This chapter presents findings on how jurors understand the non proven verdict and why they might choose it over the other verdicts bachelor to them. Information technology draws on information from ii sources: individual questionnaires completed by jurors before and afterward their deliberations, and the jury deliberation transcripts and videos.

Of the 64 mock juries in our report, half (32) had two verdicts open to them (that is, they could simply return a verdict of guilty or non guilty) and one-half were able to choose between three verdicts (guilty, not guilty or not proven). In his concluding directions to jurors, the judge in the trial films told them which verdicts were available to them. Jurors in two-verdict juries were told merely that there were two verdicts open to them - guilty and not guilty. In three-verdict juries, jurors were given additional direction on the not proven verdict, based on the guidance given to Scottish judges for directing juries in real trials, as follows:

"Finally, I need to tell you that at that place are 3 verdicts you can return on this charge: non guilty, non proven, or guilty. Not guilty and not proven accept the same effect, acquittal, which means that the accused cannot be tried again for the same offence." [89]

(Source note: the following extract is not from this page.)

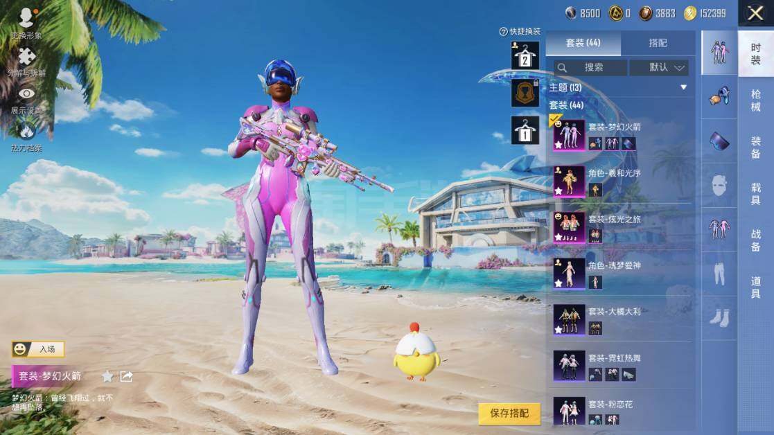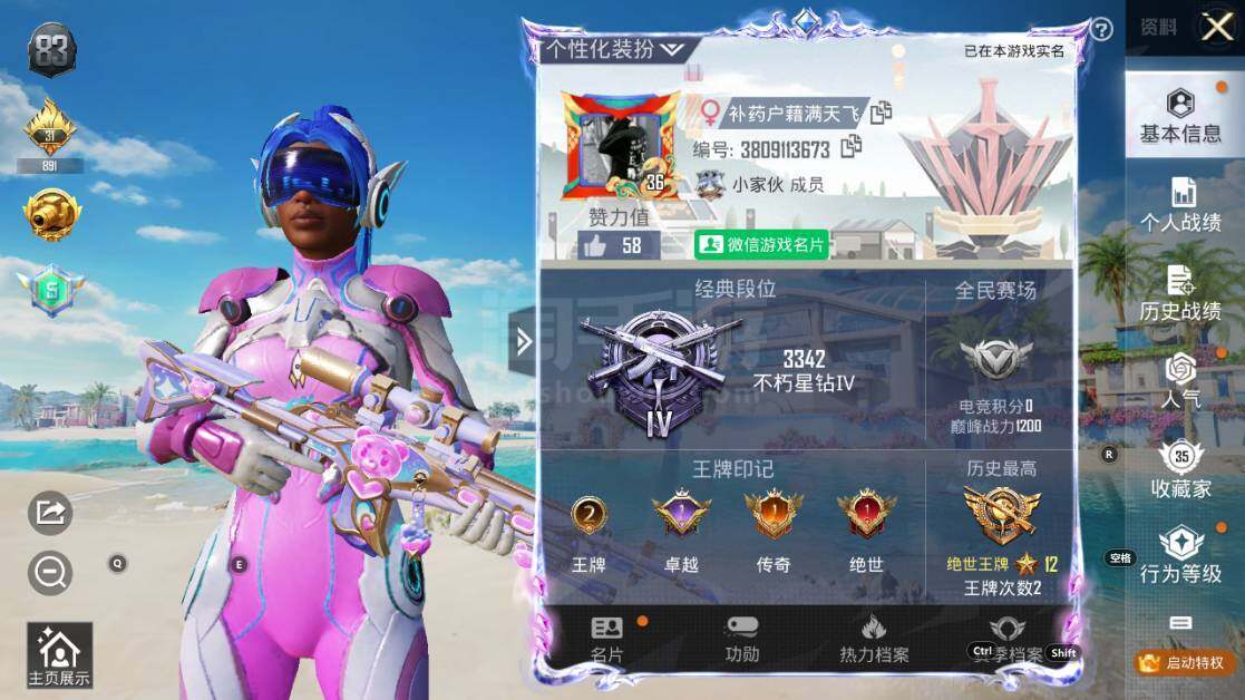安卓 微信 梦幻火箭 辉羽雀灵(四级Mk14-甜梦熊击)M762-鬼刀(五级)-3粉装-6特效枪 19697热力值-2印记-44套装-63枪皮

Bated from this direction, jurors were told goose egg about the not proven verdict. If jurors did inquire questions nigh it, the researchers told them that they were unable to provide any further guidance. The non proven verdict was not mentioned at all in the questionnaire that jurors completed prior to deliberating, except that jurors were asked to land what they thought the verdict should be (and then jurors in iii-verdict juries had the choice of choosing non proven). Afterwards deliberating, notwithstanding, jurors in both two-verdict and 3-verdict juries were asked a number of questions about their understanding of the not proven verdict. A questionnaire with the same questions virtually the non proven verdict was too completed by 'spare' jurors (those who watched the trial videos but who were not needed for the deliberations).[90] Subsequent references to postal service-deliberation questionnaire information therefore includes the responses of these 'spare' jurors besides as those who actually deliberated.

5.2 Extent of word of non proven during deliberations

The research squad coded the level of discussion of not proven'southward meaning or consequences in each jury deliberation, recording whether this was discussed "in some item", merely "minimal references" were made, or information technology was not discussed at all.

Across the study it was rare for whatsoever very lengthy discussion of the not proven verdict to accept place, even in juries where that verdict was ultimately returned. The code "in some detail" therefore covered anything other than the nigh minimal discussion.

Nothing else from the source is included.